During trials, more than 200 people in the UK tried these glasses. The feedback has been astounding as they've reported seeing faces, expressions, and objects much better than before.
Developed by Birmingham City University students Waheed Rafiq, Steve Adigbo, and Richard Howlett, XploR is a "smart-cane" that can help visually challenged people be more confident in social gatherings and networking events. This cane has facial-recognition software that works in tandem with a camera located just below the handle. The 270-degree lens of the camera captures as much of the user's environment as possible, while the software built into the cane captures images drawn from services like Gmail and Outlook. When the facial-recognition software matches the captured image with a photo in the database, the associated name will be fed to the Bluetooth ear piece, so the user knows who's standing nearby.

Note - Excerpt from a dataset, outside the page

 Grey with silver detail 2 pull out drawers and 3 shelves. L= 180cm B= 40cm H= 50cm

With this product, blind people can gain the confidence to attend any social event, as they can know who is attending the event, and to whom they are talking.
Braille literacy has been on the decline since the 1960s due to a host of factors, such as shortage of teachers, misconceptions about the Braille system, and poor support from schools. This is why 90 percent of blind people cannot read and write in the United States. To reverse this trend and to encourage more blind people to read and improve their knowledge, a Braille eBook reader has been developed under a project called Anagraphs. This device uses thermo-hydraulic micro-actuation to activate dots in the Braille system in real-time. Unfortunately, this project is waiting for more funding from the EU, but if does materialize, it can take reading to new levels for the visually challenged.
Bright-F Color Sensor
Colors are an integral part of our life, and we use them for everything ranging from picking outfits to appreciating art. To bring this ubiquitous aspect to the visually challenged, Yanko Design has come up with a product called Bright-F Color Sensor. A handheld device that looks like a torch, Bright-F makes different sounds for different colors, so users can identify colors easily. It even detects brightness, hue, and saturation of colors, and they can be organized into different groups with similar tones. There's even an option to turn up the volume when users want to hear the color in a crowded environment.

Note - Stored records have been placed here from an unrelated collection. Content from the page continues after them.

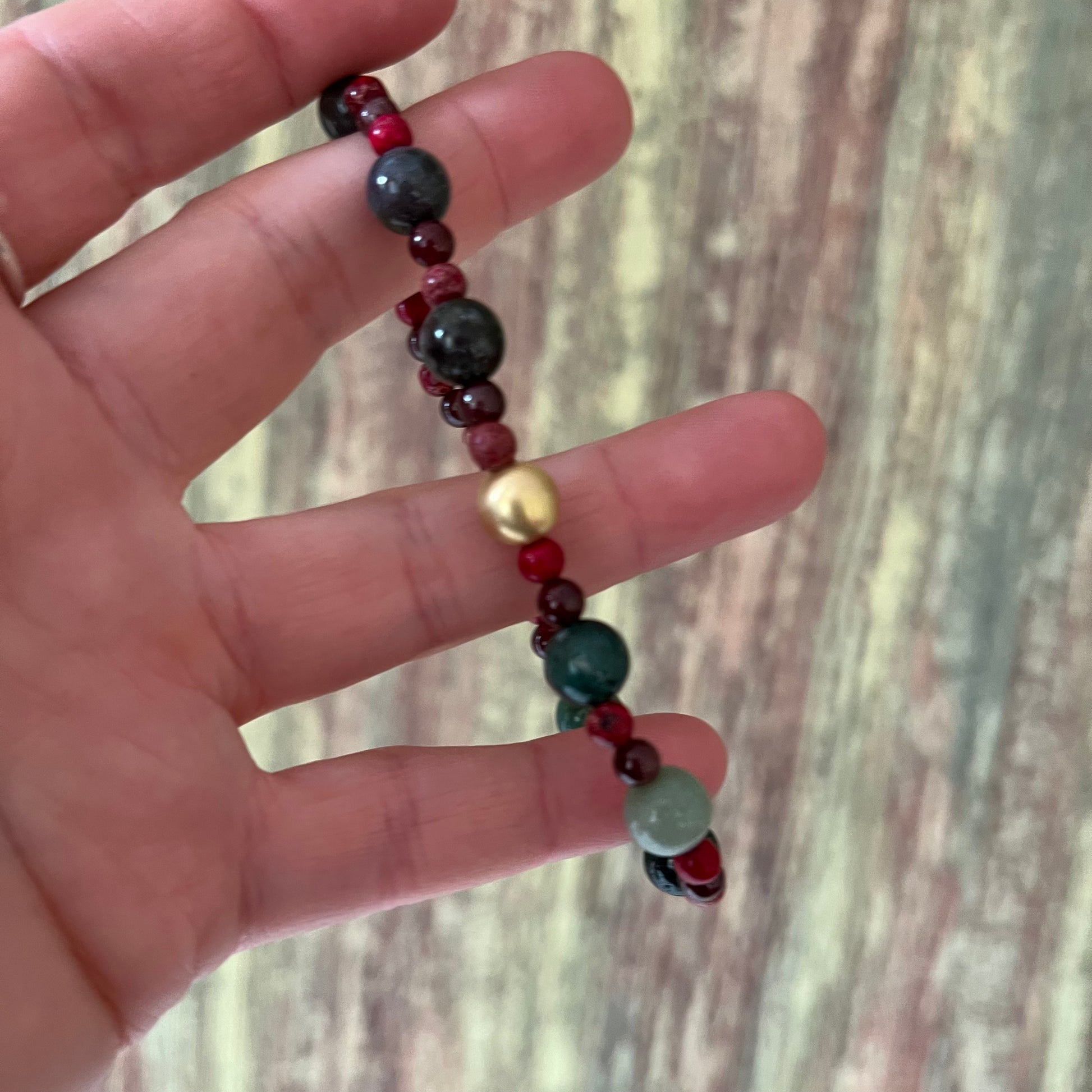 Dieses Edelsteinarmband verbindet natürliche Tiefe, warme Erdtöne und feine goldene Akzente zu einem harmonischen Unikat. Der Moosachat in 8 mm bildet das Zentrum des Designs und zeigt seine charakteristische grün-marmorierte Struktur, die an Waldlandschaften erinnert. Ergänzt wird er durch zarte 4-mm-Granatperlen, deren tiefes Weinrot das Armband optisch erdet und zugleich einen edlen Farbkontrast schafft.
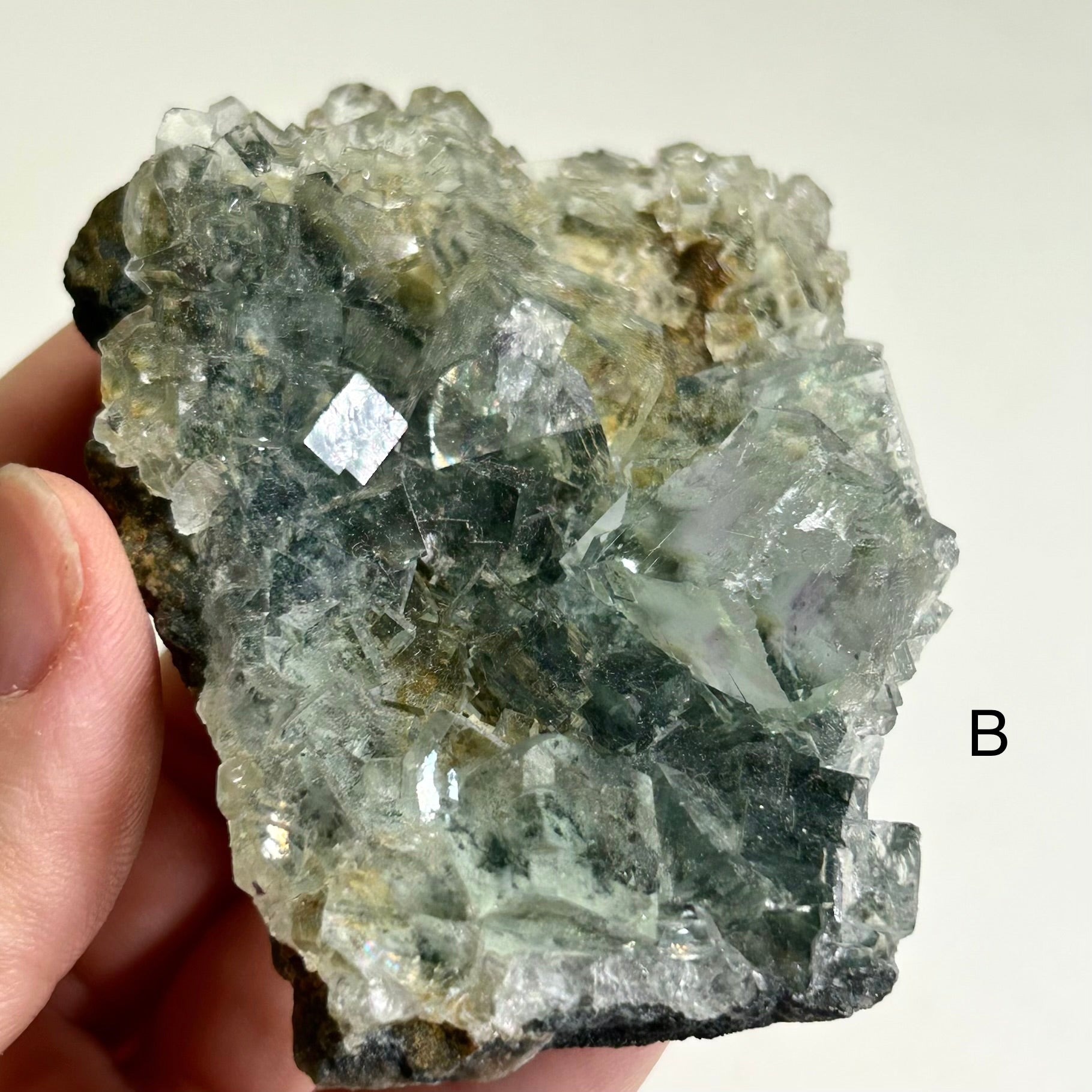 They are not inclusions inside the fluorite, but minerals growing organically on the host rock, creating a strong visual contrast between transparency and earth tones.The fluorite crystals show natural cubic growth with good luster and layered depth.
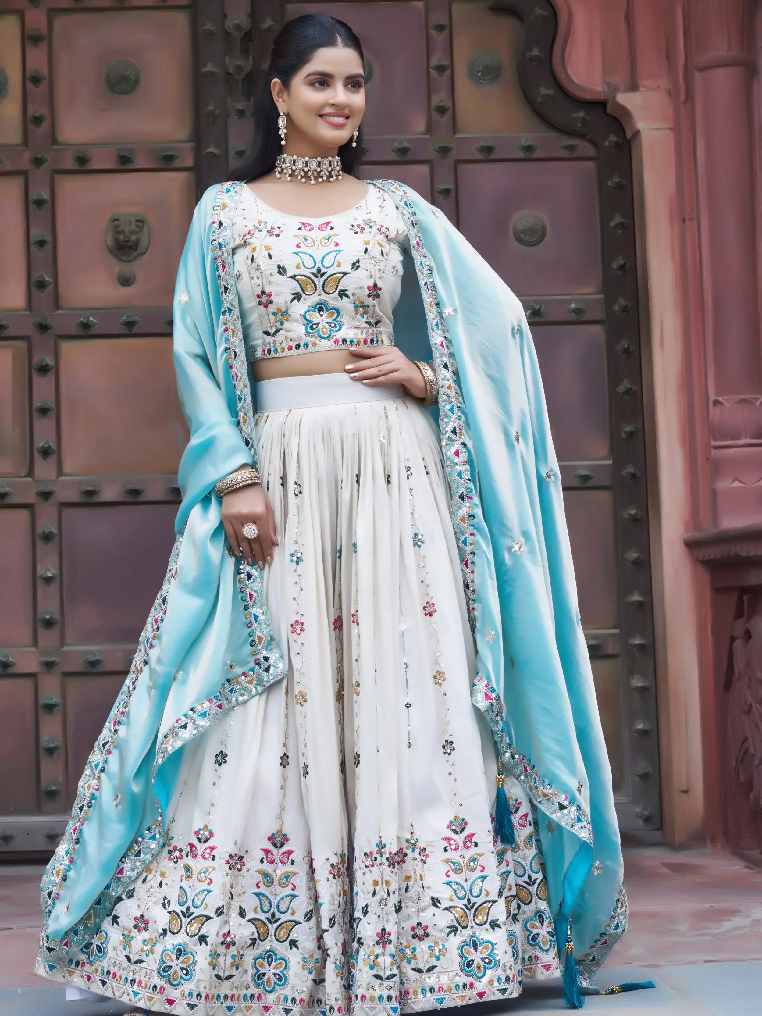 The blouse features coordinating embroidery with vibrant motifs that match the lehenga perfectly, maintaining the same ivory tone. The sky-blue dupatta in pure Fendy fabric is richly bordered with sequins and thread work, completing the look with a refreshing contrast.
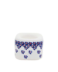 Miodownik (V0,6L) A-882APiękny, subtelny wzór kwiatowy w kolorach kobaltu i pomarańczy. Maleńkie kwiaty na ceramice łączą się w grupy, a potem pojedyncze kwiaty odrywają się od kwiatowego welonu, tworząc ciekawy efekt na powierzchni naczynia. Ta dekoracja dedykowana jest miłośnikom bardziej nowoczesnych i prostszych wzorów z Bolesławca.

These products are truly revolutionizing life for the visually challenged, and are helping them to perform "normal" activities and live independently.
Though much of these technologies are in the nascent stage, it won't be long before many become fully developed products that can help to create an inclusive society. Going forward, there is no doubt that these technologies will reduce the gap between disabled and normal people in terms of what they can do. The World Health Organization estimates that 285 million people worldwide live with some form of visual disability, and the average rate of poverty among them is almost twice that of the general population because many are unable to find work. With these tools, they can not only live a better life, but they can also improve their financial status, and through it, lift the economy as a whole. Considering the advancements already made from the bleak days when Helen Keller was born more than 135 years ago, the future looks bright.